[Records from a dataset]

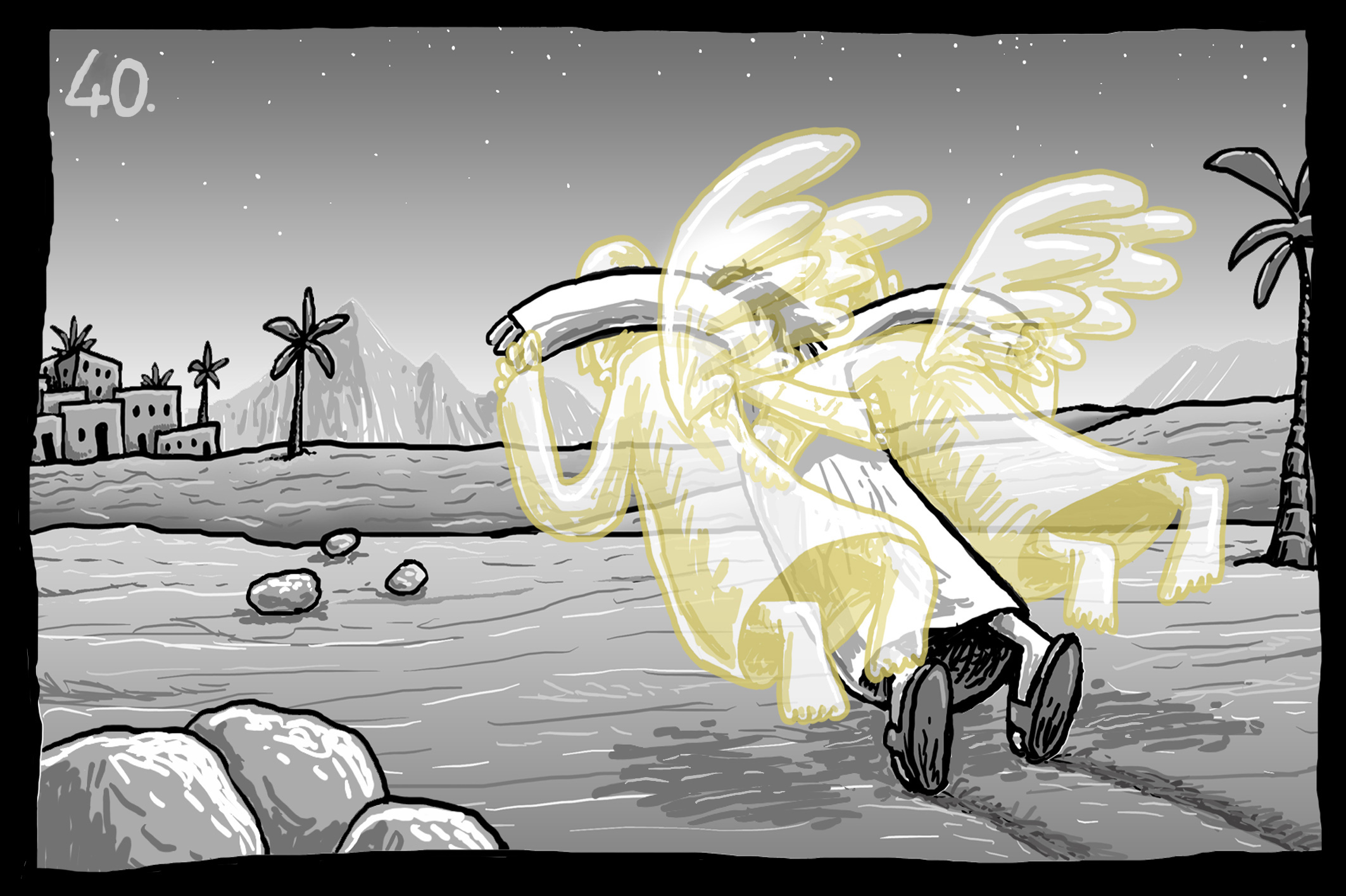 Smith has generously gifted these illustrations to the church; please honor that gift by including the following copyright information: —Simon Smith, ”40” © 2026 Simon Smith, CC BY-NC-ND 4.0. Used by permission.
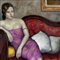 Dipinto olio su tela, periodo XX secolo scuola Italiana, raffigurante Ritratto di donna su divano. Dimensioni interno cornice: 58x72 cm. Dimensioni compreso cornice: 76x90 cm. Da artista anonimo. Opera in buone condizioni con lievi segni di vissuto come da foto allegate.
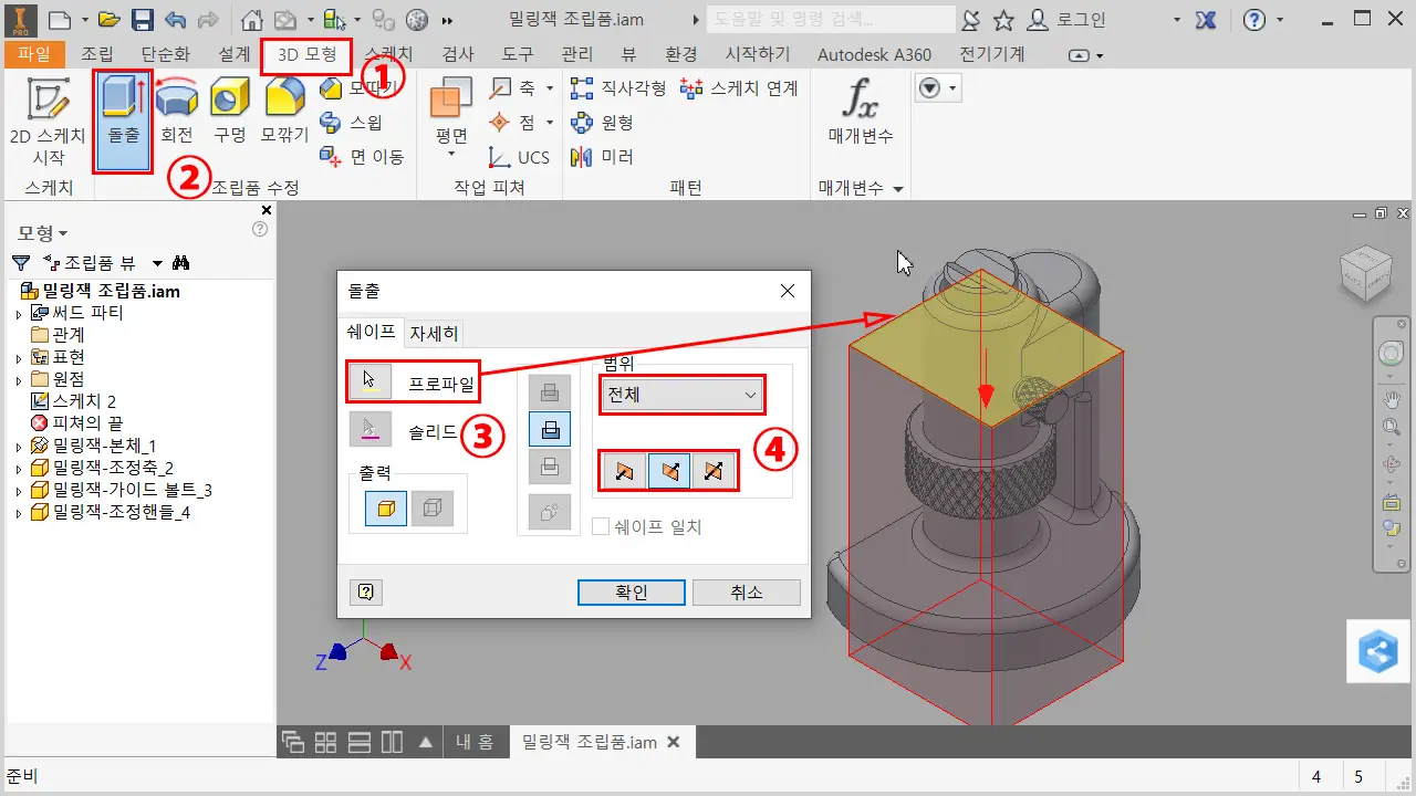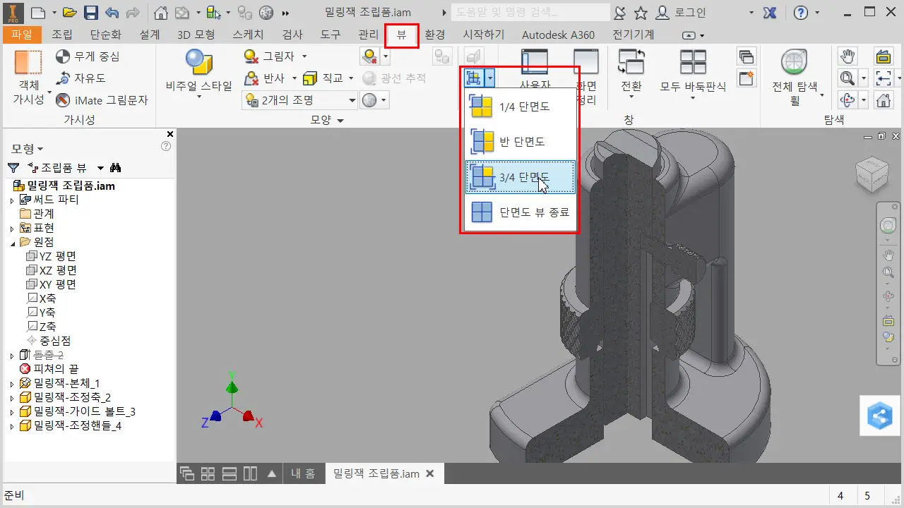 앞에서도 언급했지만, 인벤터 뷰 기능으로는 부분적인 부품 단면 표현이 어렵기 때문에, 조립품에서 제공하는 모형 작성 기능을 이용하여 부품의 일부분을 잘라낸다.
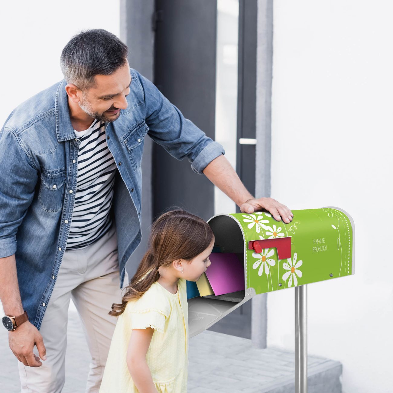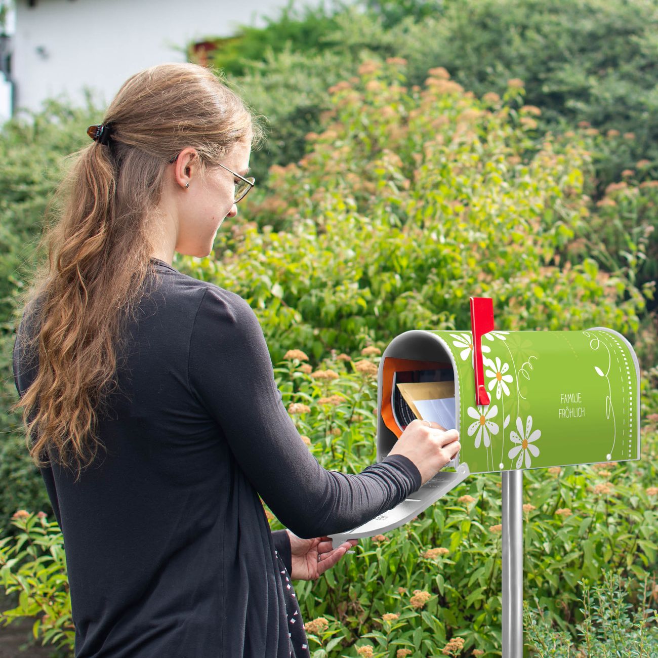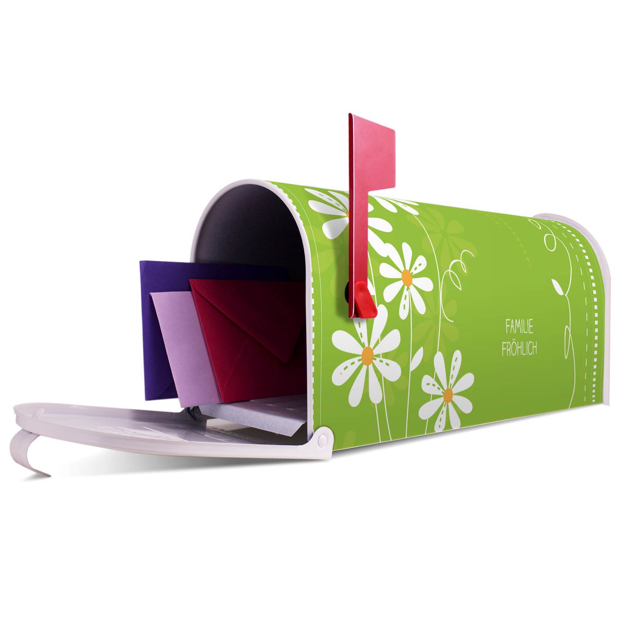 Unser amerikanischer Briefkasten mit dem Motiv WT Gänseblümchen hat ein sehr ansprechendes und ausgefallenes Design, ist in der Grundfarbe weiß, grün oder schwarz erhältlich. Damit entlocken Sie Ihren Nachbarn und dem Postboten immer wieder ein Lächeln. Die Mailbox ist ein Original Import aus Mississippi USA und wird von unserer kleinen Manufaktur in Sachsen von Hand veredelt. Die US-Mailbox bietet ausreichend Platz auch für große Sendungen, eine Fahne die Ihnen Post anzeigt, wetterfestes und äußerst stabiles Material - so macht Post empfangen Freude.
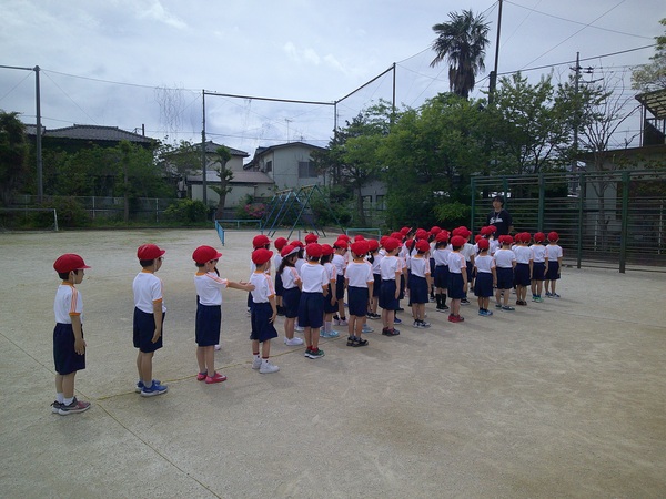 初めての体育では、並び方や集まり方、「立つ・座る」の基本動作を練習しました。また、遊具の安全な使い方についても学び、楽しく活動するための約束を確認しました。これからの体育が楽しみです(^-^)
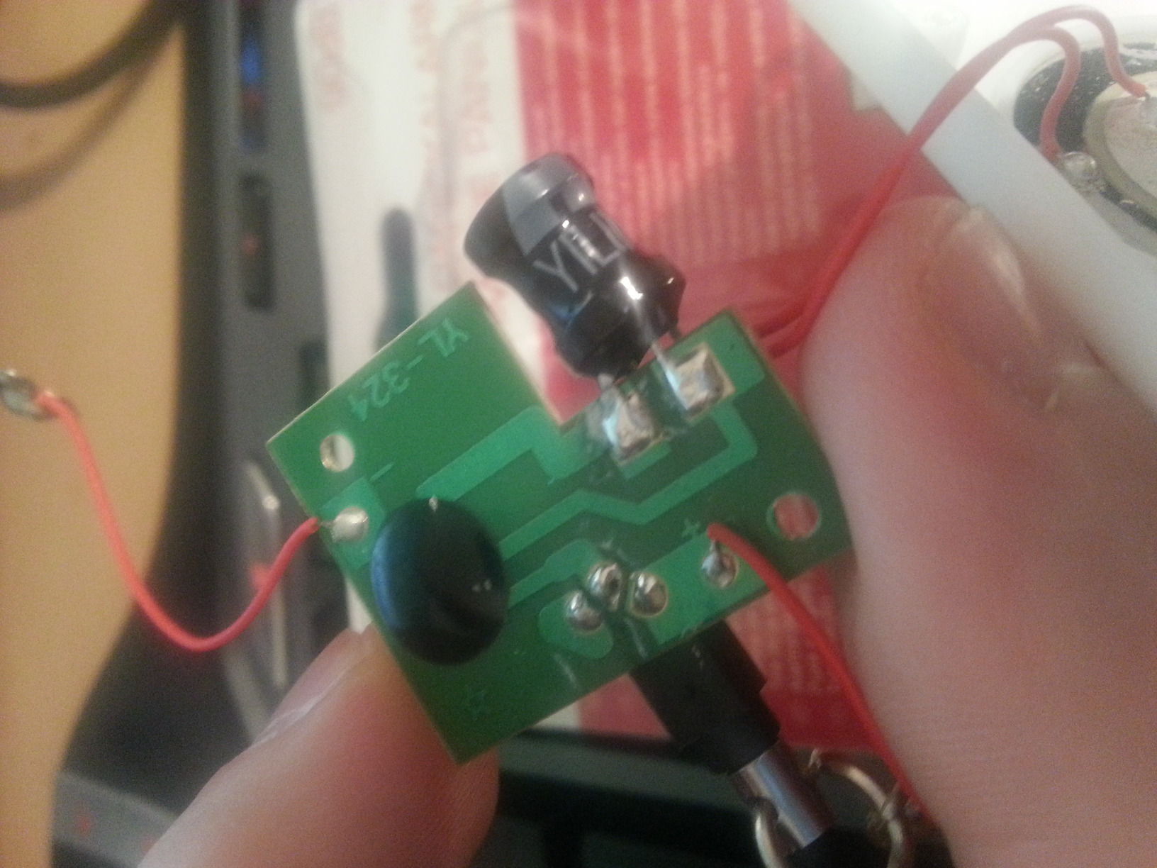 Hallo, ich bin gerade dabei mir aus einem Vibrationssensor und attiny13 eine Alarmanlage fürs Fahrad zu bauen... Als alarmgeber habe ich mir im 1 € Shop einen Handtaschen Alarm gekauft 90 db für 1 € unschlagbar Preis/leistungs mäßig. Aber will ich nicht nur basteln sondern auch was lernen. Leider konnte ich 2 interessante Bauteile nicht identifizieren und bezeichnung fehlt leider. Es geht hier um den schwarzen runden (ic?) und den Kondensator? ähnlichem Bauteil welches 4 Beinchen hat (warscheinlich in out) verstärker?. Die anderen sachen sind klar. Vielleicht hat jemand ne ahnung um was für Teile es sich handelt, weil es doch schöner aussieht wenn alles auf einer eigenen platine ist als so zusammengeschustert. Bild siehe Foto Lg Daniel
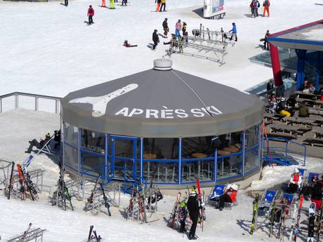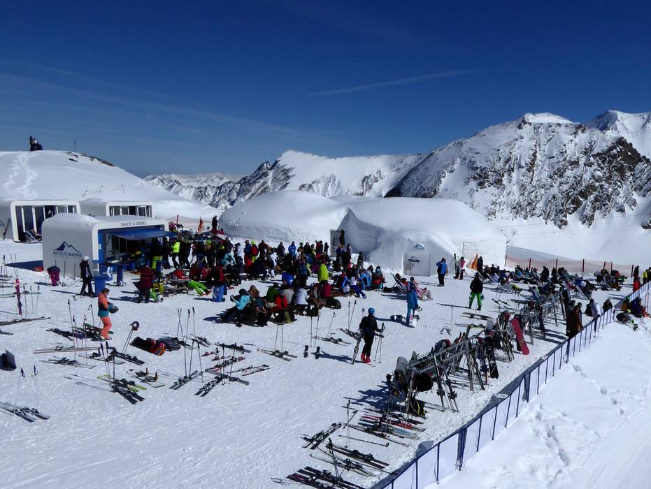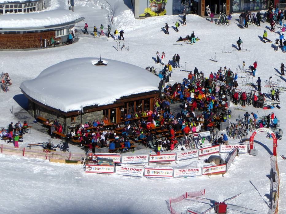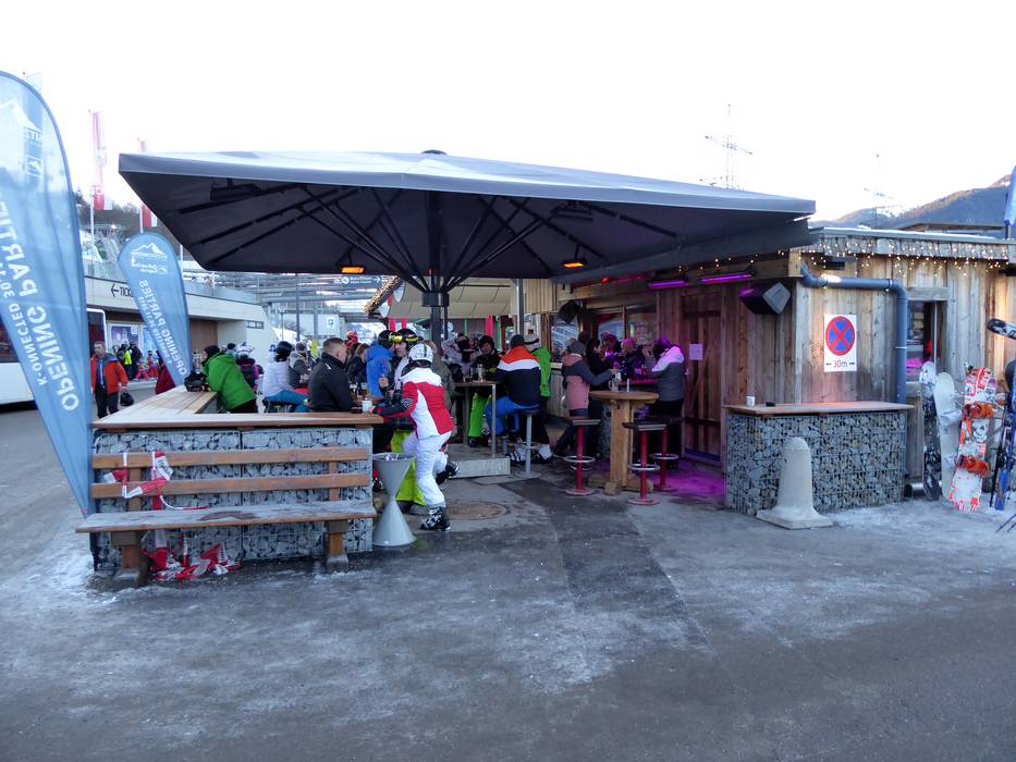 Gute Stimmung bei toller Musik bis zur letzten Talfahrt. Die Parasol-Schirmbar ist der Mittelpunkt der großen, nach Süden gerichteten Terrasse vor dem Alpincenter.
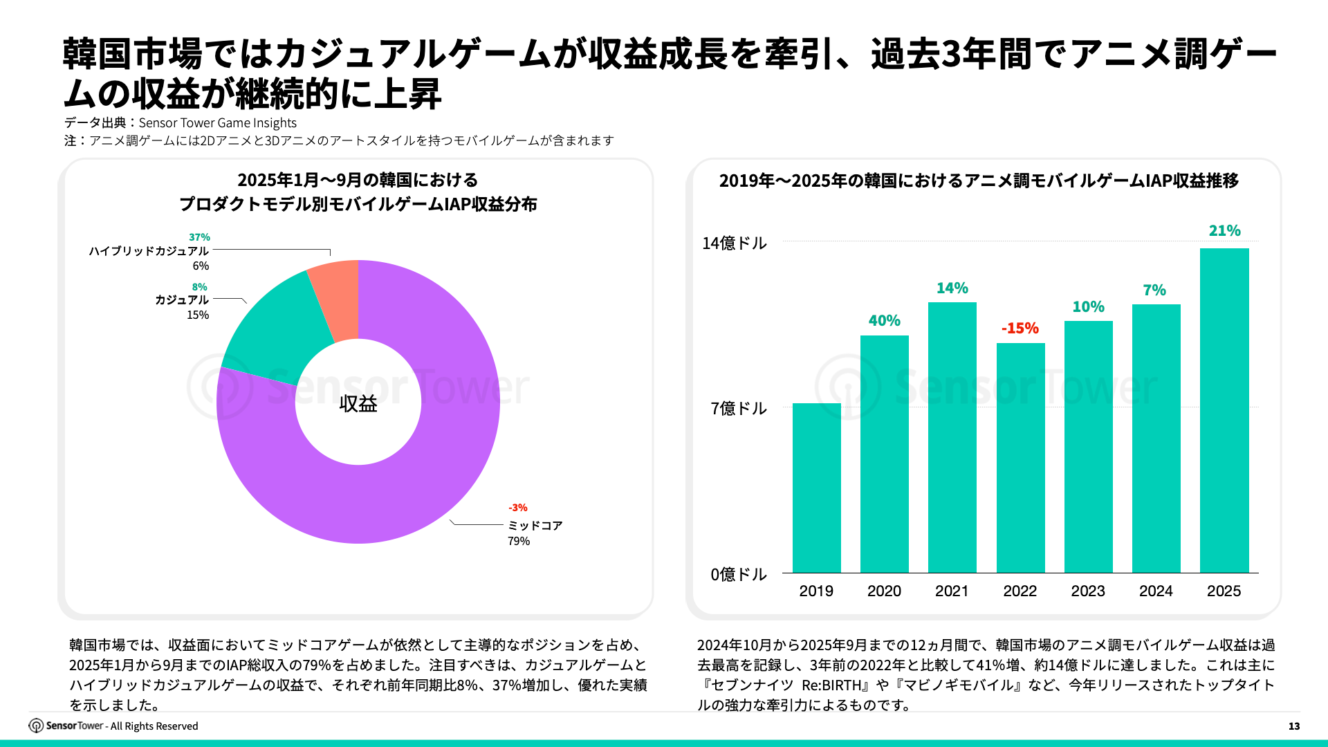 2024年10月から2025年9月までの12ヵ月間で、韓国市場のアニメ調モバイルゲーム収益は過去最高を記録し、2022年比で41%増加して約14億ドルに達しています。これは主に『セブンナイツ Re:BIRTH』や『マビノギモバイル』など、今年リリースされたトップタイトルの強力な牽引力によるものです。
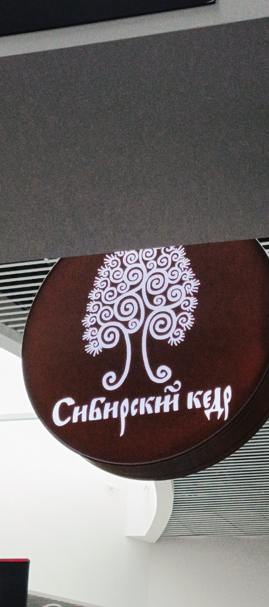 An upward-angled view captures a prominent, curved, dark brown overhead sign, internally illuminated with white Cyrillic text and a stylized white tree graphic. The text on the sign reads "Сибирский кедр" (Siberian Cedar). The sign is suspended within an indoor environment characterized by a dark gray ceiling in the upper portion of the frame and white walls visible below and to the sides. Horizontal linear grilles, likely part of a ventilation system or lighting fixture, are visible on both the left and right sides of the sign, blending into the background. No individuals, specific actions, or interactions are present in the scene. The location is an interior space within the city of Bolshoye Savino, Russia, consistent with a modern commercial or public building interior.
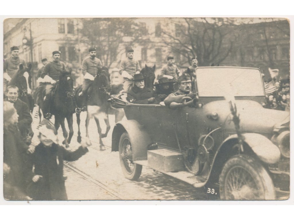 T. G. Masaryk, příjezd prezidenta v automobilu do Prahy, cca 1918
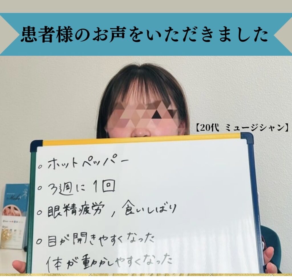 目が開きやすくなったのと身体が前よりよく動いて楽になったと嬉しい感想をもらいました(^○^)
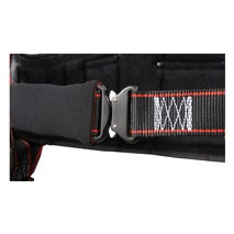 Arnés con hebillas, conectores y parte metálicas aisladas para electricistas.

### TASK DETAILS
Set down every record above exactly as it stands, but skip the pictures.

### EXPECTED ANSWER
 Smith has generously gifted these illustrations to the church; please honor that gift by including the following copyright information: —Simon Smith, ”40” © 2026 Simon Smith, CC BY-NC-ND 4.0. Used by permission.
 Dipinto olio su tela, periodo XX secolo scuola Italiana, raffigurante Ritratto di donna su divano. Dimensioni interno cornice: 58x72 cm. Dimensioni compreso cornice: 76x90 cm. Da artista anonimo. Opera in buone condizioni con lievi segni di vissuto come da foto allegate.
 앞에서도 언급했지만, 인벤터 뷰 기능으로는 부분적인 부품 단면 표현이 어렵기 때문에, 조립품에서 제공하는 모형 작성 기능을 이용하여 부품의 일부분을 잘라낸다.
 Unser amerikanischer Briefkasten mit dem Motiv WT Gänseblümchen hat ein sehr ansprechendes und ausgefallenes Design, ist in der Grundfarbe weiß, grün oder schwarz erhältlich. Damit entlocken Sie Ihren Nachbarn und dem Postboten immer wieder ein Lächeln. Die Mailbox ist ein Original Import aus Mississippi USA und wird von unserer kleinen Manufaktur in Sachsen von Hand veredelt. Die US-Mailbox bietet ausreichend Platz auch für große Sendungen, eine Fahne die Ihnen Post anzeigt, wetterfestes und äußerst stabiles Material - so macht Post empfangen Freude.
 初めての体育では、並び方や集まり方、「立つ・座る」の基本動作を練習しました。また、遊具の安全な使い方についても学び、楽しく活動するための約束を確認しました。これからの体育が楽しみです(^-^)
 Hallo, ich bin gerade dabei mir aus einem Vibrationssensor und attiny13 eine Alarmanlage fürs Fahrad zu bauen... Als alarmgeber habe ich mir im 1 € Shop einen Handtaschen Alarm gekauft 90 db für 1 € unschlagbar Preis/leistungs mäßig. Aber will ich nicht nur basteln sondern auch was lernen. Leider konnte ich 2 interessante Bauteile nicht identifizieren und bezeichnung fehlt leider. Es geht hier um den schwarzen runden (ic?) und den Kondensator? ähnlichem Bauteil welches 4 Beinchen hat (warscheinlich in out) verstärker?. Die anderen sachen sind klar. Vielleicht hat jemand ne ahnung um was für Teile es sich handelt, weil es doch schöner aussieht wenn alles auf einer eigenen platine ist als so zusammengeschustert. Bild siehe Foto Lg Daniel
 Gute Stimmung bei toller Musik bis zur letzten Talfahrt. Die Parasol-Schirmbar ist der Mittelpunkt der großen, nach Süden gerichteten Terrasse vor dem Alpincenter.
 2024年10月から2025年9月までの12ヵ月間で、韓国市場のアニメ調モバイルゲーム収益は過去最高を記録し、2022年比で41%増加して約14億ドルに達しています。これは主に『セブンナイツ Re:BIRTH』や『マビノギモバイル』など、今年リリースされたトップタイトルの強力な牽引力によるものです。
 An upward-angled view captures a prominent, curved, dark brown overhead sign, internally illuminated with white Cyrillic text and a stylized white tree graphic. The text on the sign reads "Сибирский кедр" (Siberian Cedar). The sign is suspended within an indoor environment characterized by a dark gray ceiling in the upper portion of the frame and white walls visible below and to the sides. Horizontal linear grilles, likely part of a ventilation system or lighting fixture, are visible on both the left and right sides of the sign, blending into the background. No individuals, specific actions, or interactions are present in the scene. The location is an interior space within the city of Bolshoye Savino, Russia, consistent with a modern commercial or public building interior.
 T. G. Masaryk, příjezd prezidenta v automobilu do Prahy, cca 1918
 目が開きやすくなったのと身体が前よりよく動いて楽になったと嬉しい感想をもらいました(^○^)
 Arnés con hebillas, conectores y parte metálicas aisladas para electricistas.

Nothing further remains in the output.